This lithograph depicts Joseph Smith as the head of the Nauvoo Legion. The Nauvoo Temple is in the background.

The non-Mormons of Hancock County, Illinois, in the early 1840s probably disliked the Mormons from the first, in the same way that most Americans have generally disliked what they have viewed as religious fanaticism, but they were initially disposed toward toleration because they sympathized with its members as refugees from oppression in Missouri. That view, however, soon began to change. Some of the Mormons, embittered against “Gentiles” (non-Mormons) because of their recent experience and impoverished because of their forced abandonment of homes in Missouri, stole food, livestock, and other things from farms in the Nauvoo area. And non-Mormons soon learned that trips to Nauvoo in search of stolen goods, or to seek payment for items sold to the Mormons, were fruitless—and even frightening.

The highly unified, separatist community did not cooperate with outsiders, and some of the Saints resorted to intimidation.

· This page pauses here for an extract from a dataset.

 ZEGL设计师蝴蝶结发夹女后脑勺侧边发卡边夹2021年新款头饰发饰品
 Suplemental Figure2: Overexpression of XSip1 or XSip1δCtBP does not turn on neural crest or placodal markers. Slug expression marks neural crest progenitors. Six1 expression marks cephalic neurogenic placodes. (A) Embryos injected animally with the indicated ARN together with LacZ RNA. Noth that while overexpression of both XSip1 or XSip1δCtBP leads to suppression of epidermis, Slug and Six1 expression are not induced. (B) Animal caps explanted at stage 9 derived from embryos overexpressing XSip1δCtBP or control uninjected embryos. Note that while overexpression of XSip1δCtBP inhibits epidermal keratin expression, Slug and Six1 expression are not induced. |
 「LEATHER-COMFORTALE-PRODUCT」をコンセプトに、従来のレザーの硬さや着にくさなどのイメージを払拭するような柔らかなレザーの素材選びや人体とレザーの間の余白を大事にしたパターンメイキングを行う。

For example the “whistling and whittling brigade” of young ruffians made unwelcome visitors fear for their lives as they encircled them during their visits to the Mormon stronghold. Nauvoo quickly developed a reputation among western Illinois residents as a place where lawbreakers friendly to the church were shielded from arrest.

Historic rendering of Nauvoo Temple from the 1840s.

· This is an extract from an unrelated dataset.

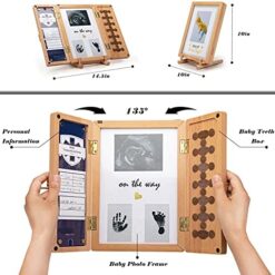 Cadres Photo en Bois de Bébé avec Empreinte Mains et Pieds de Bébé + échographie + Boîte à Dents De Lait + Carte information sur la naissance,5 in 1 Souvenir Pour Nouveau-Nés,Garçons Et Filles
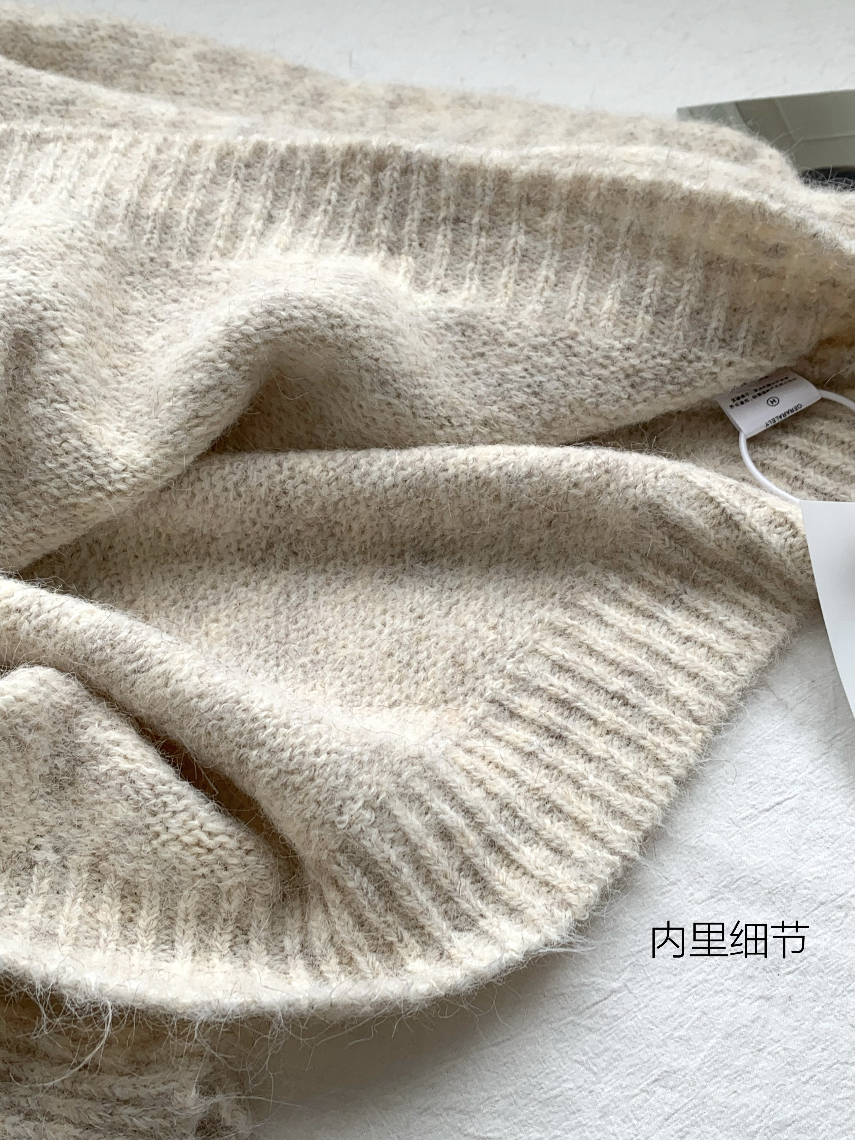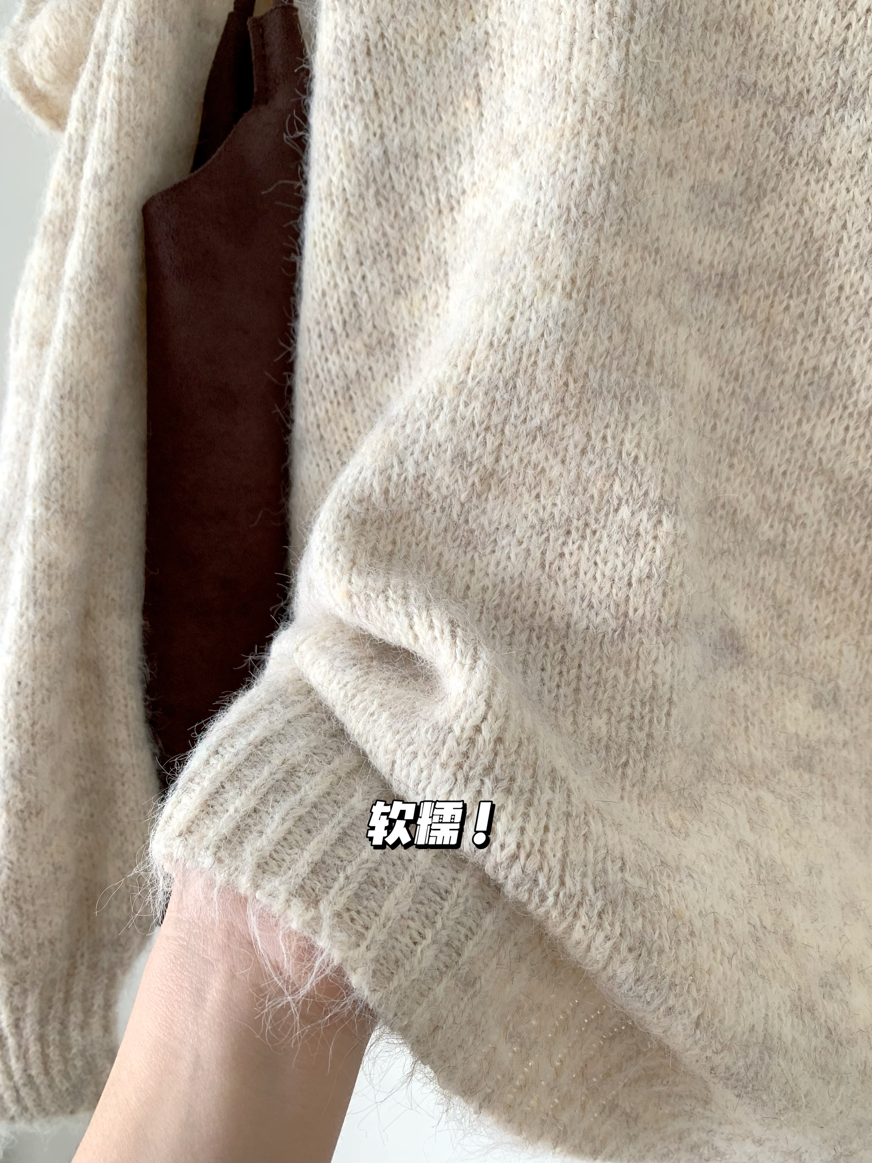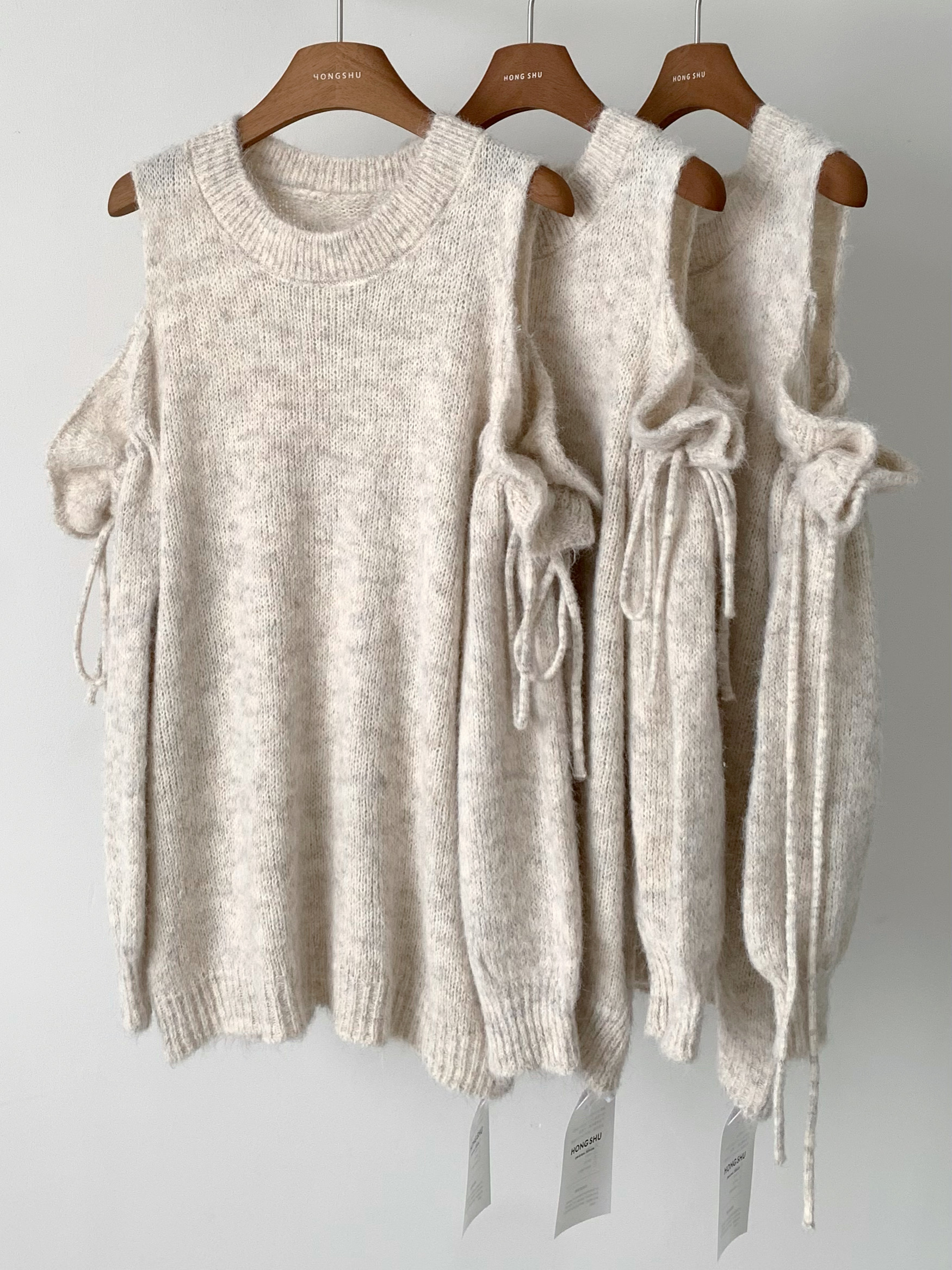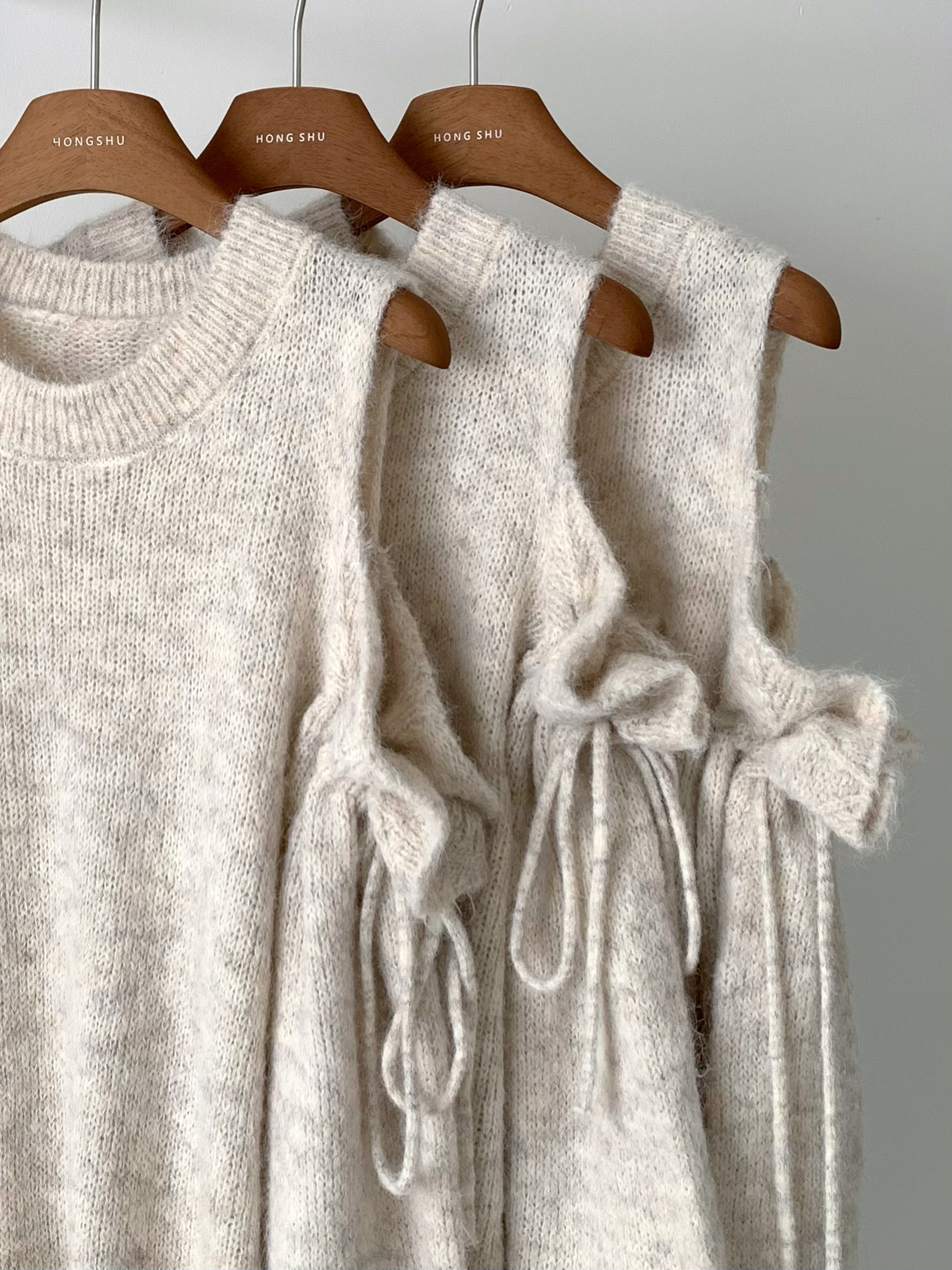RENA乖妹速成軟糯舒適露肩抽褶系帶針織衫女秋毛衣寬松氛圍感上衣

The amount of Mormon theft is impossible to determine, since some stealing by others was undoubtedly blamed on the Saints, nor can Joseph Smith’s involvement be established with any certainty, despite what some memoirs fron older residents imply. Certain Mormon raiders may have felt they had Smith’s approval when in fact they did not. In any case, the evidence of Mormon theft is substantial, and that activity caused some non-Mormons in townships near Nauvoo to oppose the Saints.

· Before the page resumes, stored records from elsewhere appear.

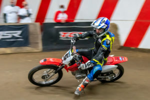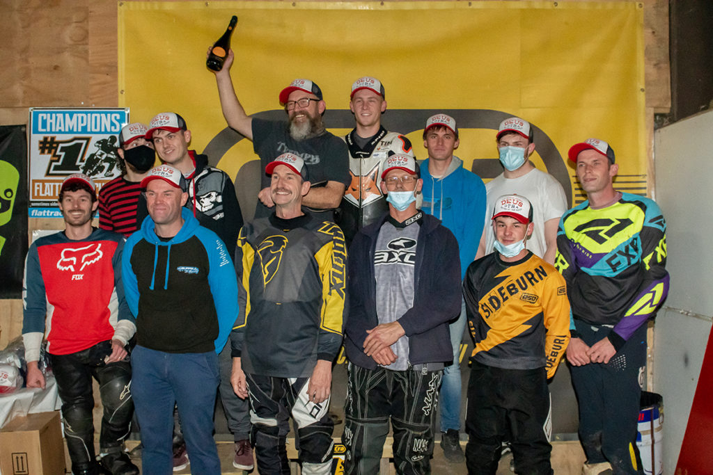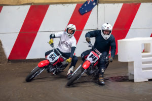 This TT track was on the Champions Flat Track oval but instead of doing a normal oval race Peter Boast, the owner of Champions Flat Track, put some barriers out, so there were two tight left-handers, one big left sweeper and a right turn.
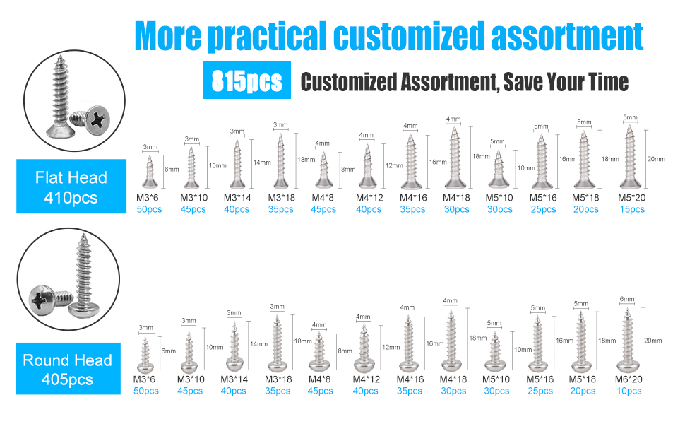 815pcs M6 M5 M4 M3 مجموعة متنوعة من مسامير الخشب، متري الفولاذ المقاوم للصدأ متنوعة مسامير التنصت على الذات مجموعة تروس شقة عموم رئيس فيليبس محرك الحفر لسطح السفينة دريوال الصفائح المعدنية الخرسانية
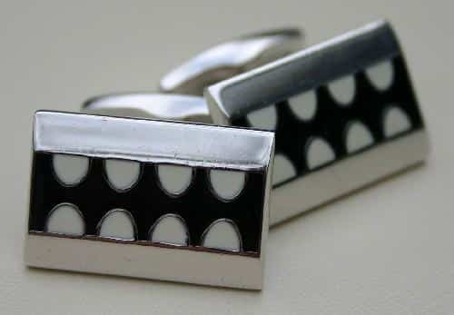 Link naar: Manchetknoop rechthoekig met zwarte inleg Link naar: Manchetknoop rechthoekig met zwarte inleg Manchetknoop rechthoekig met zwarte inleg Link naar: Manchetknopen ovaal met wit – zilver ruitmotief Link naar: Manchetknopen ovaal met wit – zilver ruitmotief Manchetknopen ovaal met wit – zilver ruitmotief Scroll naar bovenzijde
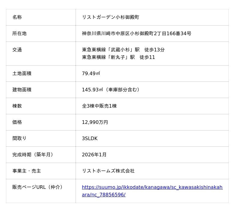総合不動産企業リスト株式会社(代表取締役社長:北見尚之、本社所在地:神奈川県横浜市)の連結子会社であるリストホームズ株式会社(代表取締役社長:杉本敦史、本社所在地:神奈川県横浜市、以下「LH」)は、川崎市中原区小杉御殿町において、愛犬との暮らしを重視した新築分譲住宅「リストガーデン小杉御殿町(以下、本物件)」が完成したことをお知らせいたします。
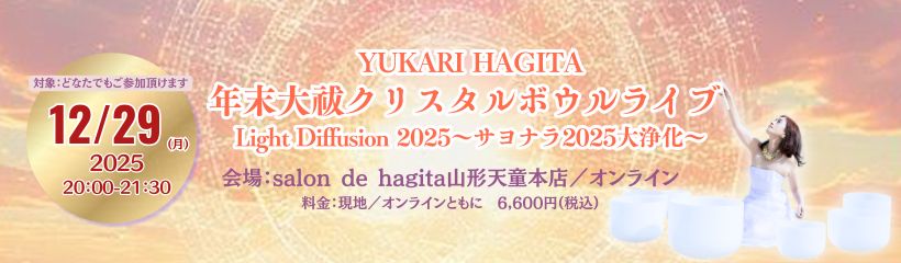 現地&オンラインで開催!12/29(月)YUKARI HAGITA 年末大祓クリスタルボウルライブ Light Diffusion 2025 〜サヨナラ2025大浄化〜

But of far greater importance to the development of non-Mormon animosity and to the eventual eruption of mobocratic violence was the perceived threat to democratic government posed by Smith and his theocratic community. That view was expressed as far away as Macomb, Quincy, Alton, and other Illinois communities, but it was centered in Hancock County, where the Mormons dominated local politics by 1842.

Warsaw, a town of about 500 people in the early 1840s, spearheaded the opposition to Smith and political Mormonism. Founded in 1834 as a place for shipping and commerce, Warsaw was something of a microcosm of pluralistic America, an open, ambitious, progressive community where residents did not hold the religious preconceptions that made Nauvoo’s theocracy possible. Instead, local residents firmly subscribed to republicanism, the ill-defined civil religion of the Jacksonian era. Common democratic ideals lashed the people together, and the rituals of self-government affirmed the community’s ideological bond.

To the people of Warsaw, the nation had transcendent value, and republicanism was the operative faith of their town. So, it is not surprising that residents there objected to Smith’s theocratic domination of government at Nauvoo, his encouragement of bloc voting for candidates he supported, his use of the Nauvoo Charter to avoid prosecution, and, eventually, his violation of the civil rights of his critics.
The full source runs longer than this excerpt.